2. July 2: Set all the alarm clocks in Housewares to go off at 5-minute intervals. 

3. July 7: He made a trail of tomato juice on the floor leading to the women's restroom. 

4. July 19: Walked up to an employee and told her in an official voice, 'Code 3 in Housewares. Get on it right away'. This caused the employee to leave her assigned station and receive a reprimand from her Supervisor that in turn resulted with a union grievance, causing management to lose time and costing the company money. 

5. August 4: Went to the Service Desk and tried to put a bag of M&Ms on layaway. 

6. August 14: Moved a 'CAUTION - WET FLOOR' sign to a carpeted area. 

7. August 15: Set up a tent in the camping department and told the children shoppers he'd invite them in if they would bring pillows and blankets from the bedding department to which twenty children obliged. 

8. August 23: When a clerk asked if they could help him he began crying and screamed, 'Why can't you people just leave me alone?' EMTs were called. 

9.. September 4: Looked right into the security camera and used it as a mirror while he picked his nose. 

10. September 10: While handling guns in the hunting department, he asked the clerk where the antidepressants were. 

11. October 3: Darted around the store suspiciously while loudly humming the 'Mission Impossible' theme. 

12. October 6: In the auto department, he practiced his 'Madonna look' by using different sizes of funnels. 

13. October 18: Hid in a clothing rack and when people browsed through, yelled 'PICK ME! PICK ME!' 

14. October 21: When an announcement came over the loud speaker, he assumed a fetal position and screamed 'OH NO! IT'S THOSE VOICES AGAIN!' 


And last, but not least: 

15. October 23: Went into a fitting room, shut the door, waited awhile, then yelled very loudly, 'Hey!
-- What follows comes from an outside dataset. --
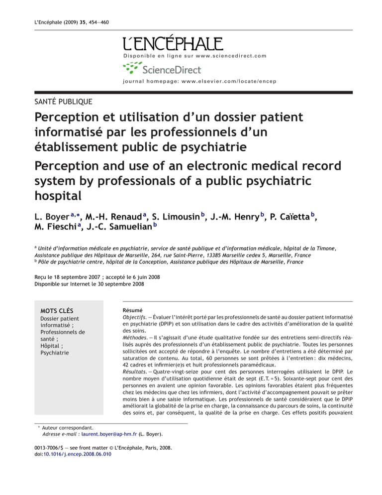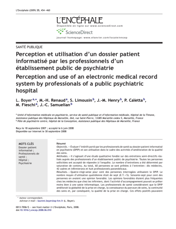 L’Encéphale (2009) 35, 454—460 Disponible en ligne sur www.sciencedirect.com journal homepage: www.elsevier.com/locate/encep SANTÉ PUBLIQUE Perception et utilisation d’un dossier patient informatisé par les professionnels d’un établissement public de psychiatrie Perception and use of an electronic medical record system by professionals of a public psychiatric hospital L. Boyer a,∗, M.-H. Renaud a, S. Limousin b, J.-M. Henry b, P. Caïetta b, M. Fieschi a, J.-C. Samuelian b a Unité d’information médicale en psychiatrie, service de santé publique et d’information médicale, hôpital de la Timone, Assistance publique des Hôpitaux de Marseille, 264, rue Saint-Pierre, 13385 Marseille cedex 5, Marseille, France b Pôle de psychiatrie centre, hôpital de la Conception, Assistance publique des Hôpitaux de Marseille, France Reçu le 18 septembre 2007 ; accepté le 6 juin 2008 Disponible sur Internet le 30 septembre 2008 MOTS CLÉS Dossier patient informatisé ; Professionnels de santé ; Hôpital ; Psychiatrie ∗ Résumé Objectifs. — Évaluer l’intérêt porté par les professionnels de santé au dossier patient informatisé en psychiatrie (DPIP) et son utilisation dans le cadre des activités d’amélioration de la qualité des soins. Méthodes. — Il s’agissait d’une étude qualitative fondée sur des entretiens semi-directifs réalisés auprès des professionnels d’un établissement public de psychiatrie. Toutes les personnes sollicitées ont accepté de répondre à l’enquête. Le nombre d’entretiens a été déterminé par saturation de contenu. Au total, 60 personnes se sont prêtées à l’entretien : dix médecins, 42 cadres et infirmier(e)s et huit professionnels paramédicaux. Résultats. — Quatre-vingt-seize pour cent des personnes interrogées utilisaient le DPIP. Le nombre moyen d’utilisation quotidienne était de sept (E.T. = 5). Soixante-sept pour cent des personnes en avaient une opinion favorable. Les opinions favorables étaient plus fréquentes chez les médecins que chez les infirmiers, dont l’activité d’accompagnement pouvait se prêter moins bien à une saisie informatique. Les professionnels de santé considéraient que le DPIP améliorait la globalité de la prise en charge, la connaissance du parcours de soins, la continuité des soins et, par conséquent, la qualité de la prise en charge. Ces effets positifs pouvaient Auteur correspondant. Adresse e-mail : [email protected] (L. Boyer). 0013-7006/$ — see front matter © L’Encéphale, Paris, 2008. doi:10.1016/j.encep.2008.06.010 Perception et utilisation d’un dossier patient informatisé par les professionnels 455 être remis en cause par une surcharge de travail liée au remplissage du DPIP (manque de connaissance technique et manque de matériel informatique, impossibilité de saisir en temps réel les données au lit du patient) et par certains dysfonctionnements du système informatique. Les deux conséquences principales pouvaient être le remplissage incomplet du DPIP et une réduction du temps consacré aux soins. Conclusion. — Ce travail propose des pistes d’amélioration dans l’utilisation du DPIP. Malgré cela, une véritable réflexion doit être initiée sur ces nouveaux systèmes d’information en psychiatrie, dont les objectifs réels peuvent être perçus comme ambigus par les utilisateurs, afin de mettre en place des programmes de clarification, d’éducation et de réassurance. © L’Encéphale, Paris, 2008. KEYWORDS Electronic medical files; Quality in health care; Care providers; Hospital; Psychiatry Summary Objectives. — The aim of this study was to evaluate the interest taken by the health care providers in the electronic medical file and its use within the quality improvement process. Setting. — Our institution is a 204-bed psychiatric hospital, employing 328 professionals and comprising three sectors: six units of complete hospitalisation (102 beds), one unit of week hospitalisation (15 beds), one unit of emergency (7 beds) and one unit of night hospitalisation (15 beds). Three extrahospital structures include the day hospitalisation (65 places), the medicopsychological centers (CMP) and the part-time therapeutic reception centers (CATTP) of the three sectors. Methods. — We conducted face-to-face, semi-structured interviews with health care providers of a public psychiatric hospital. All the solicited people agreed to answer the investigation. The interviews were conducted until no new ideas emerged in the content analysis performed in real time, comprising 60 care providers: 10 psychiatrists, 42 nurses and eight paramedical professionals. Content analysis was performed by two members of the steering committee who were skilled in textual analysis. A descriptive analysis was also performed. The variables were described by proportions and means. The proportions were compared using the Chi-squared test or Fisher exact test where appropriate. A two-tailed P-value of greater than 0.05 was considered to indicate statistical significance. Statistical analyses were carried out using SPSS version 13.0. Results. — Ninety-six percent of the interviewed subjects used the electronic medical file. The average number of daily use was seven (S.D. = 5). Sixty-seven percent had a favorable opinion of the electronic medical file. Physicians had more frequent favorable opinions than nurses who considered that electronic medical files cannot capture real nursing activity. Health care providers considered that electronic medical file could be associated with improved quality of care, but two points should be taken into account: the increased documentation time (slow system response, multiple screens, the lack of computer knowledge, the absence of bedside documentation technology. . .) and dysfunctions in the information processing system. This could have an impact on documentation completeness, and quality and could also lead to a reduction of time

There's no toilet paper in here.' One of the clerks passed out.


----------



## greely

That's a good one


----------



## mr mac

That had me laughing out loud!


----------



## pepeskitty

Hey I just having fun and now we're not aloud back.  Those people don't have a sense of humor.

MH, why are you reading my mail?  LOL


Very funny stuff.


----------



## deepwoodsdeacon

That's what I needed to get my weekend kicked off !


----------



## evo 9 guy

Everytime I see this joke I can picture my dad. He would do something like this if he didnt have golf. Old Guys RULE! as he always says.


----------



## oldschoolbbq

That's my next outing. Being retired I have time away from the Wife and I can have fun.......


----------



## alx

Number 2 is not a bad idea at all!!!!


----------



## gnubee

I didn't get caught but My wife wouldn't speak to me for about 3 days. 

Last Saturday while we were visiting a different city where I wouldn't likely be recognized at their Zellers store. It was busy as all get out, people everywhere. I picked up the Interphone and announced. Philip Ontokos 399, Philip Ontockos 399. I then scooted away leaving my wife standing there . Man was she mad. People all over the store were chuckling. Can't believe I didn't get caught.


----------



## raceyb

This joke has been passed around for some time on the internet and it still brings me to laugh everytime I see it.


----------



## dforbes

thats how those condoms got in my cart, my wife is still on my butt about those.


----------